* _Work task_:
Repeat word for word the lines from the one containing "与唐斯素有恩怨的76人队中锋" to the end of the material below, and leave all pictures out.

━━━━

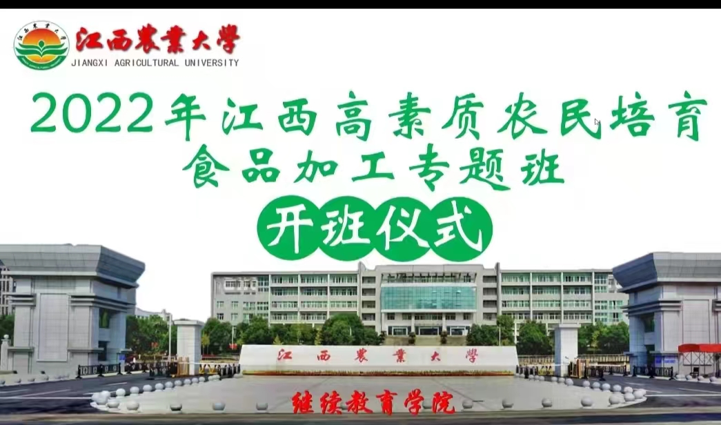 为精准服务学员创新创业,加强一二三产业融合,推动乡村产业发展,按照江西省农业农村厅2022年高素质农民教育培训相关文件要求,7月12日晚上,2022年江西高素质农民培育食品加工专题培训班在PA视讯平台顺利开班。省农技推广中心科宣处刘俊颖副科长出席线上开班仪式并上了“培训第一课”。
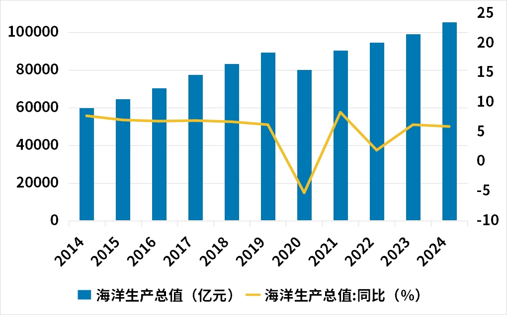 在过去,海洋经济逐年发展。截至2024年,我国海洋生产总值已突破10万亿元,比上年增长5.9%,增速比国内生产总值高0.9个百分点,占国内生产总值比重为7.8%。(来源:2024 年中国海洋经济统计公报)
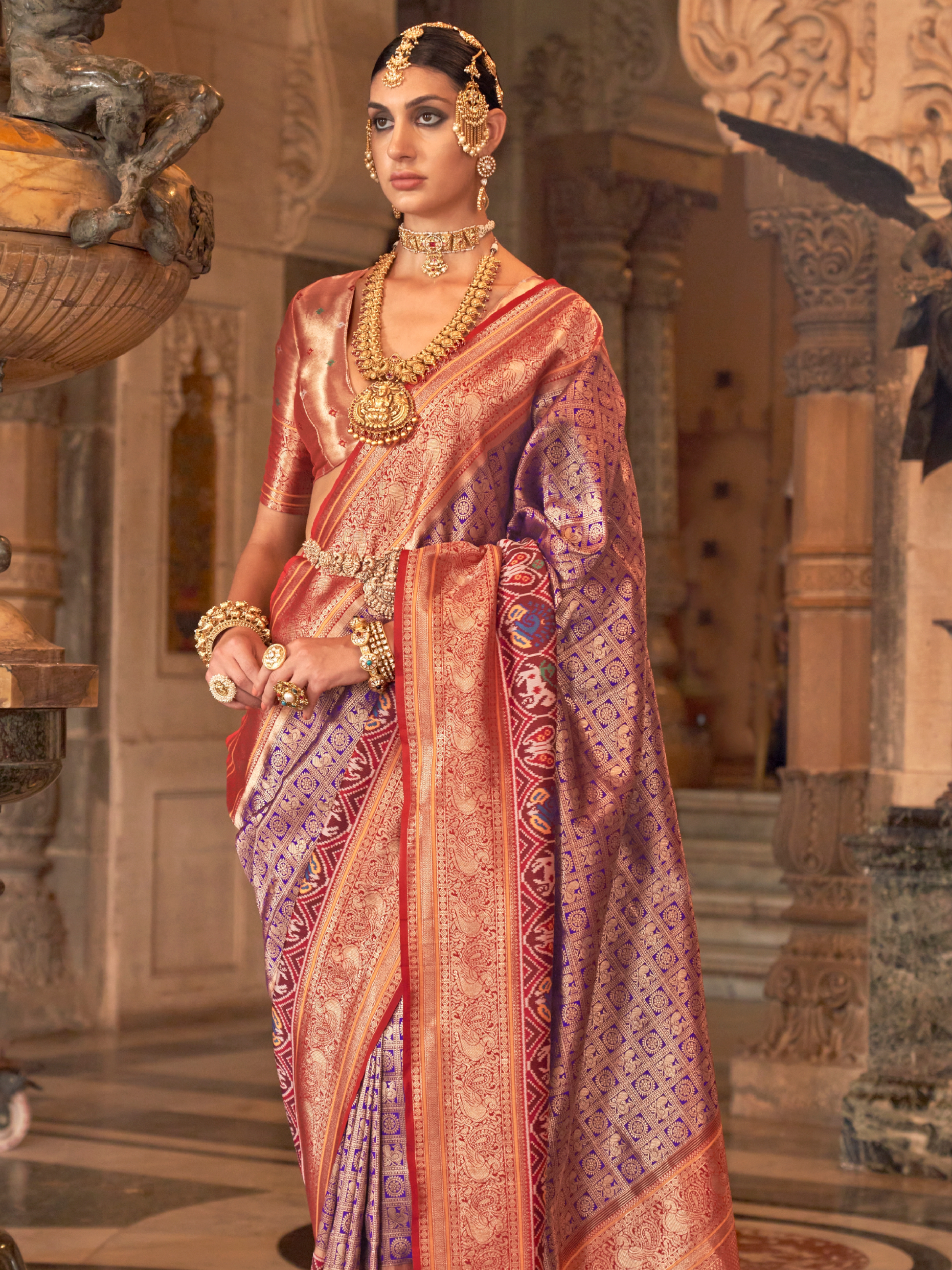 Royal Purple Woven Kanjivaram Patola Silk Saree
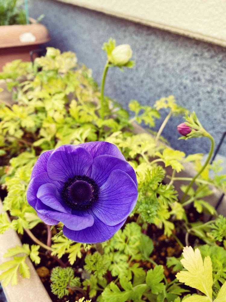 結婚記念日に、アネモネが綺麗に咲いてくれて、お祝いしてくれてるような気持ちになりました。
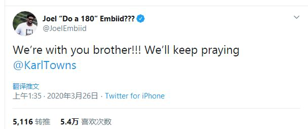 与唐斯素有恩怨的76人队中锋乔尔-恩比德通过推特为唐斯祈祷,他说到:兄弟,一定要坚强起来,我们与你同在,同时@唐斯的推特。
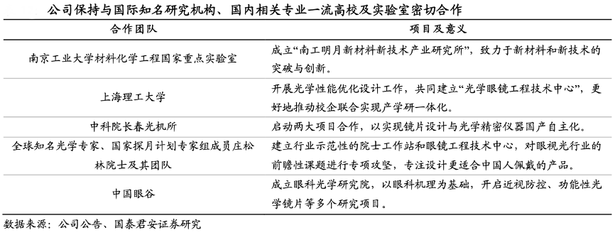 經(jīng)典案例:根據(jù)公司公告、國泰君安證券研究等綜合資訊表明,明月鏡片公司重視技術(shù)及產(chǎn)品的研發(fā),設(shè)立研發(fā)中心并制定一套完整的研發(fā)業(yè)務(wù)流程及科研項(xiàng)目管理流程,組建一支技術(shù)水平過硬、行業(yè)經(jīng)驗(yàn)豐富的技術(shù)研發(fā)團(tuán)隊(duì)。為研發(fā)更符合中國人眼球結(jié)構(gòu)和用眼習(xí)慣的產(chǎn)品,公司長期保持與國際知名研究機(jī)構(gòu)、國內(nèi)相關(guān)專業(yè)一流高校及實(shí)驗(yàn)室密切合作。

━━━━

* _Worked solution_:
 与唐斯素有恩怨的76人队中锋乔尔-恩比德通过推特为唐斯祈祷,他说到:兄弟,一定要坚强起来,我们与你同在,同时@唐斯的推特。
 經(jīng)典案例:根據(jù)公司公告、國泰君安證券研究等綜合資訊表明,明月鏡片公司重視技術(shù)及產(chǎn)品的研發(fā),設(shè)立研發(fā)中心并制定一套完整的研發(fā)業(yè)務(wù)流程及科研項(xiàng)目管理流程,組建一支技術(shù)水平過硬、行業(yè)經(jīng)驗(yàn)豐富的技術(shù)研發(fā)團(tuán)隊(duì)。為研發(fā)更符合中國人眼球結(jié)構(gòu)和用眼習(xí)慣的產(chǎn)品,公司長期保持與國際知名研究機(jī)構(gòu)、國內(nèi)相關(guān)專業(yè)一流高校及實(shí)驗(yàn)室密切合作。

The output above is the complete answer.